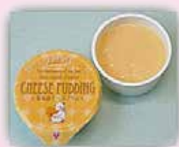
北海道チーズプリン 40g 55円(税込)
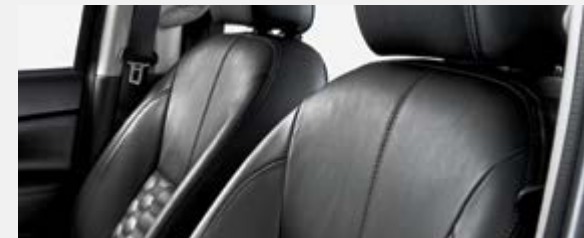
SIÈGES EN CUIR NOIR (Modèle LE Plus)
□ □ □ □
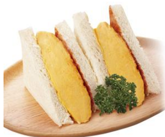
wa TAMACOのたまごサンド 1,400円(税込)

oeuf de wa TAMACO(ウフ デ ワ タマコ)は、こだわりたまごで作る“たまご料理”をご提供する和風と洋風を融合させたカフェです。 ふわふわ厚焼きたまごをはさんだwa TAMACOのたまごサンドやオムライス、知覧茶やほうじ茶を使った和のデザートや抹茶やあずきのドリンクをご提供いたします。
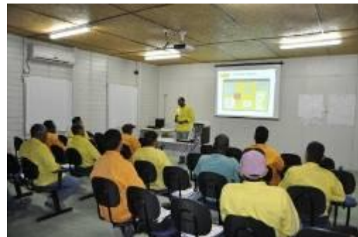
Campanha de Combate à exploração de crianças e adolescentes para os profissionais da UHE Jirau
□ □ □ □
ACTIVITY
Using the listing above, reproduce word for word every line from the one containing "北海道チーズプリン 40g 55円(税込)" through the one containing "SIÈGES EN CUIR NOIR (Modèle LE Plus)". Pictures must be left out.

OUTPUT FOR THIS EXERCISE
北海道チーズプリン 40g 55円(税込)
SIÈGES EN CUIR NOIR (Modèle LE Plus)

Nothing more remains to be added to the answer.